CIAO DATE: 08/2008
January 2008
Minda de Gunzburg Center for European Studies, Harvard University
This paper analyzes major changes in the regulation of the financial sector in Europe over the last three decades. Focusing on the pattern of change across five countries (Britain, France, Germany, Italy and Spain), the paper identifies two major periods of regulatory change: first, the shift away from postwar patterns of credit regulation in the 1970s and 1980s, and second, the intensification of state supervisory powers and the introduction of new regulatory structures from the 1990s to the present.
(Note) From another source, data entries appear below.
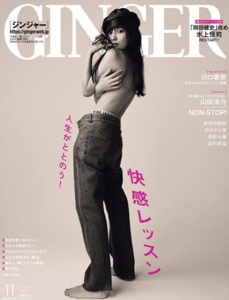 9月21日に全国発売#GINGER11月号 特別号の表紙には春奈が登場!」と紹介し、“上半身裸”×デニムスタイルで美ボディあらわな川口の表紙を公開しました。「セピアカラーのおしゃれで刺激的な今回の表紙は、春奈本人もお気に入り」と明かしています。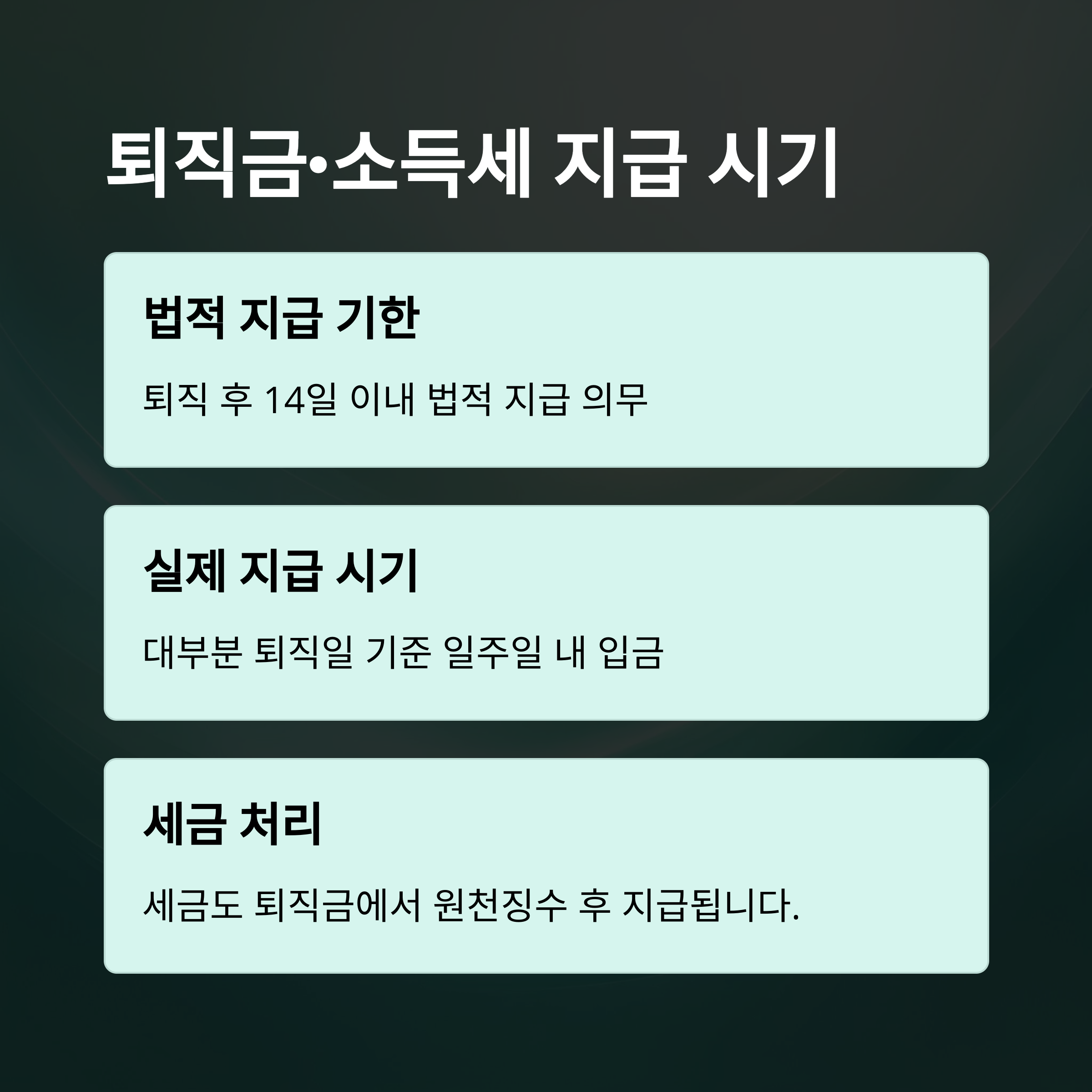 - 실제는 퇴직 후 3~7일 내 지급되는 사례가 많음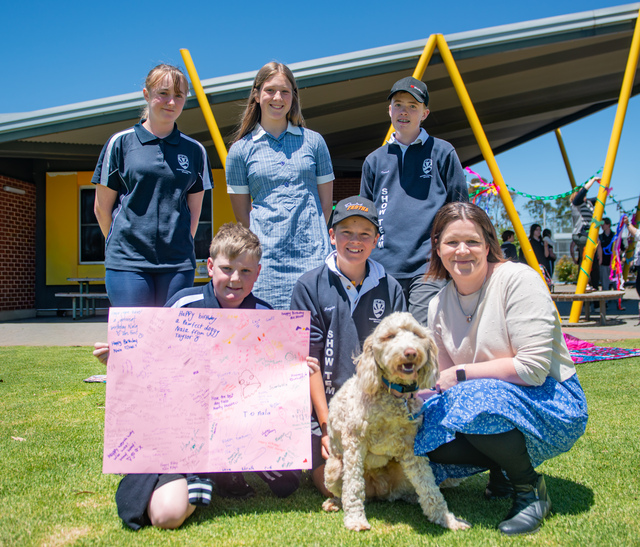 Annalise, Amy, Kody, Marlo, Hayden, Wellbeing Dog Nala and Assistant Principal for Inclusion and Wellbeing Merryn Gomez on Nala's first birthday. (Jack Church)

In both cases, the authors point to the way in which different models of financial sector regulation affect the political consequences of macro-economic policy for political elites as an explanation for choices that governments have made in the regulatory arena. More specifical-ly, while regulatory change in the first period may be largely explained by the way in which dif-ferent postwar models of credit regulation impinged upon a government's political ability to im-pose disinflation, choices in favor of different regulatory structures in the second period (single regulator in Britain and Germany versus multiple regulators in the other countries) can be related to differences in the area of pension reform. By focusing on the political implications that differ-ent modes of financial regualtion can have for elected officials in the context of different macro-economic scenarios, the authors offer an explanation of regualtory change that differs from ac-counts which emphasize the primacy of financial market forces in driving such change.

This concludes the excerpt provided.